┌────────

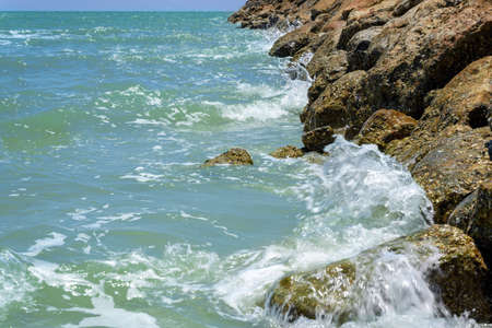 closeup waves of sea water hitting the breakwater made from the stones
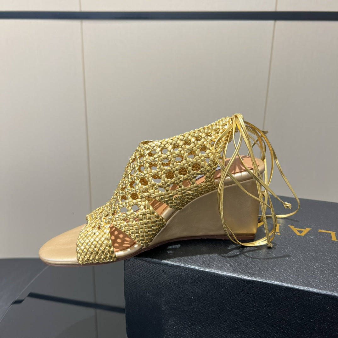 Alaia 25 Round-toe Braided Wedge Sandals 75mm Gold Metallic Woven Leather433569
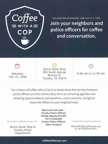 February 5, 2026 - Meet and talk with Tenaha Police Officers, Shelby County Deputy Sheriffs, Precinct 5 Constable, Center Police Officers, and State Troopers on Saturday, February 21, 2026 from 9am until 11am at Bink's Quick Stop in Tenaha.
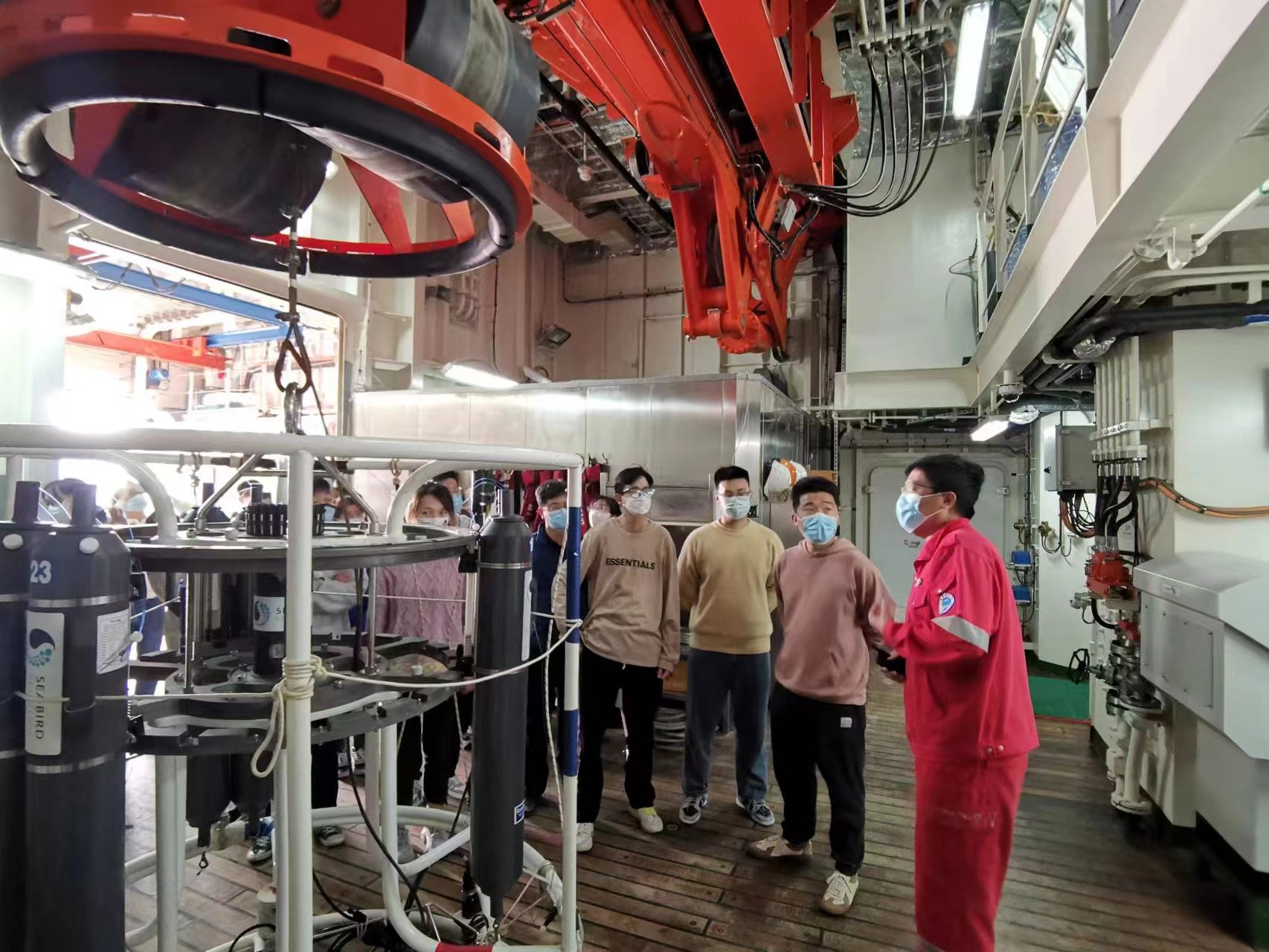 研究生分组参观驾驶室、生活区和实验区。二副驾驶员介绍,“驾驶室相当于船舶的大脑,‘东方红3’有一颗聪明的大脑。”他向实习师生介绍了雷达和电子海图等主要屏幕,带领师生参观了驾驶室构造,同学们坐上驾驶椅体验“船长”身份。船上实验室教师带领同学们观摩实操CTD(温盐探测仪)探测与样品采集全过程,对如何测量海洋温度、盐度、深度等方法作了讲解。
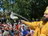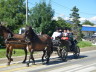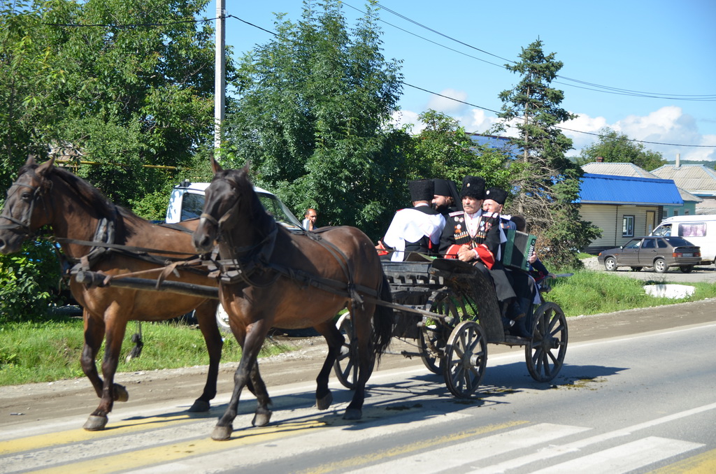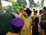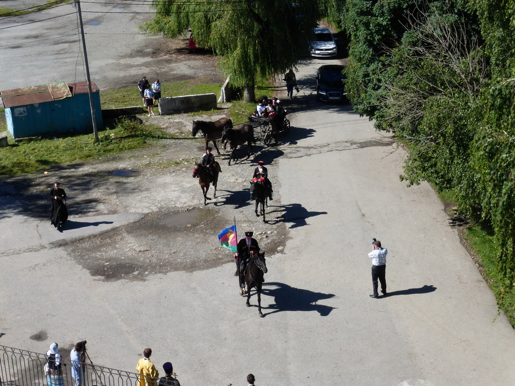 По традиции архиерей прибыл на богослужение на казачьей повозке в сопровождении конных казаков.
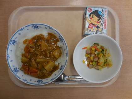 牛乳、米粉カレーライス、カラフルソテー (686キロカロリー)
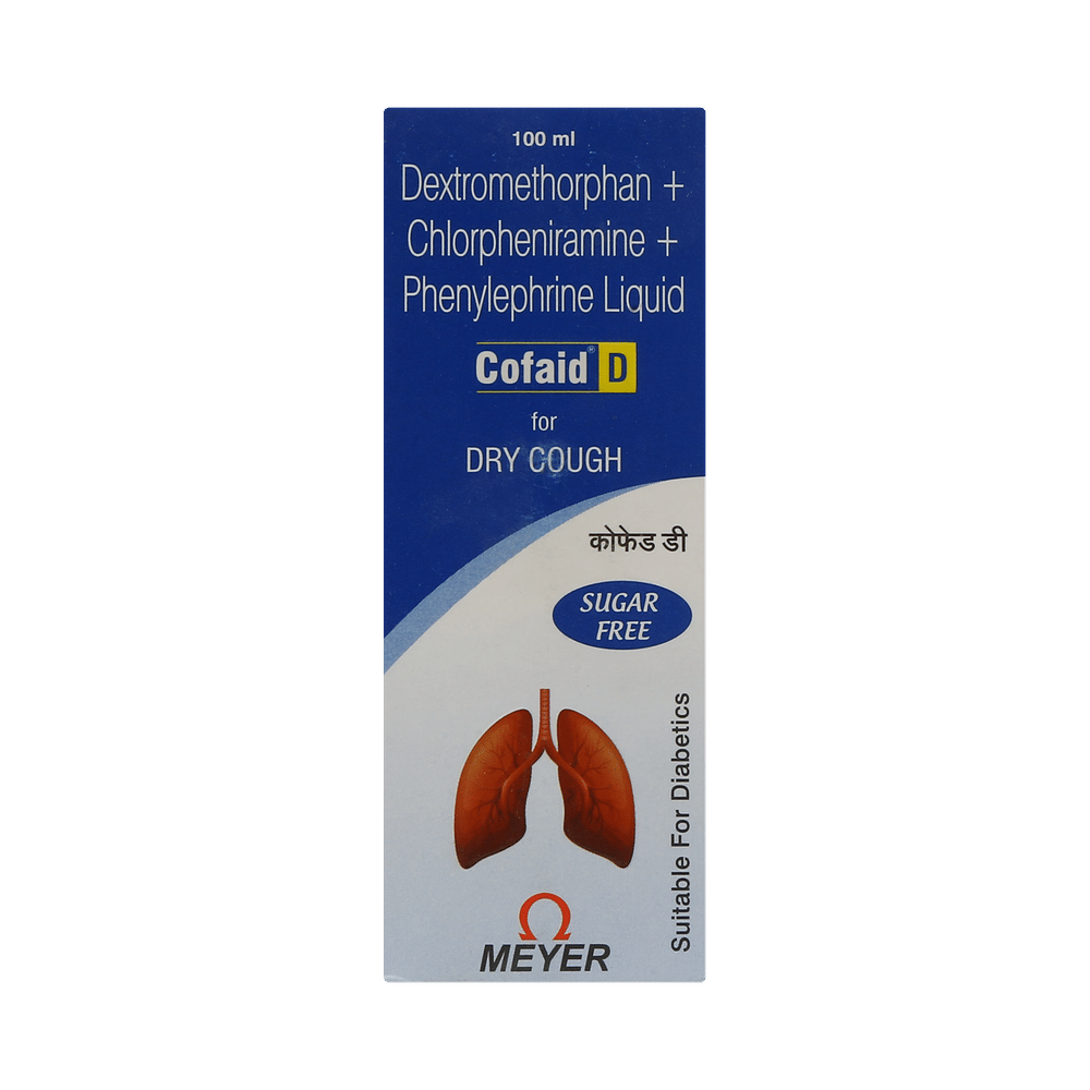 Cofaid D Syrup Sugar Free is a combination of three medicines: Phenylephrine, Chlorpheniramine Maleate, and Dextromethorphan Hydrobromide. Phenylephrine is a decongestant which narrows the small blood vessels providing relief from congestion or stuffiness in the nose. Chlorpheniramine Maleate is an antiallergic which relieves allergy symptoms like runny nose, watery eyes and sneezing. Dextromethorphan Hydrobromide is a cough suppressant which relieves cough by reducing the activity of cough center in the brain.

└────────

What you need to do:
Extract word for word every line from the line that contains "По традиции архиерей" to the final line of the data, both included, and nothing else; skip the pictures.

Written answer:
 По традиции архиерей прибыл на богослужение на казачьей повозке в сопровождении конных казаков.
 牛乳、米粉カレーライス、カラフルソテー (686キロカロリー)
 Cofaid D Syrup Sugar Free is a combination of three medicines: Phenylephrine, Chlorpheniramine Maleate, and Dextromethorphan Hydrobromide. Phenylephrine is a decongestant which narrows the small blood vessels providing relief from congestion or stuffiness in the nose. Chlorpheniramine Maleate is an antiallergic which relieves allergy symptoms like runny nose, watery eyes and sneezing. Dextromethorphan Hydrobromide is a cough suppressant which relieves cough by reducing the activity of cough center in the brain.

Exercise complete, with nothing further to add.